The girls, who are between 12 and 17 years old, go to Emma’s Home in search of opportunities to learn, grow and experience a family-like environment many of them have never had, said Tenaglia, who is a director at the Durham-based Transforming Hope Ministries.
“Some part of the girls wants to be healed, but they still have some attachment to their trafficker because they didn’t see them as a trafficker — they were a boyfriend or someone who they thought cared about them,” she said.
The Polaris Project, a national organization that raises awareness and compiles data about human trafficking, ranks North Carolina as a top-10 state for human trafficking, which includes both labor and sex trafficking.

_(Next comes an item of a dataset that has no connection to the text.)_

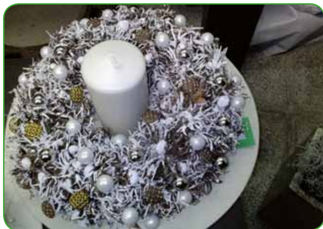
Venček, narejen iz turške leske (nabrane v bližnjem parku), dodani so svetleči gumbi in bele kroglice, ki sovpadajo z belino sveče in poprhom leske. Venček, primeren za advent, istočasno za novoletne praznike.

loženjem spreminjajo. V drugi polovici novembra že začnemo razmišljati o advent-

The rankings are based on the number of calls the project’s hotline receives from each state. Calls range from responding to incidents to providing general information.
Megan Fowler, spokeswoman for the project, said national statistics concerning human trafficking victims do not paint the full picture because of the nature of the crime.
Fowler said many cases are unreported because some victims of sex trafficking do not realize they are victims. Sex traffickers manipulate victims into believing that they are participants because of personal choices, she said, not because it has been forced upon them.
“It’s a very hidden crime,” she said. “One where not a lot of data is being collected and one where there is widespread misunderstanding of what sex trafficking is and looks like.”
Sen. Thom Goolsby, R-New Hanover, introduced a bill in the N.C. General Assembly last month that aims to toughen the penalties for sex trafficking in the state.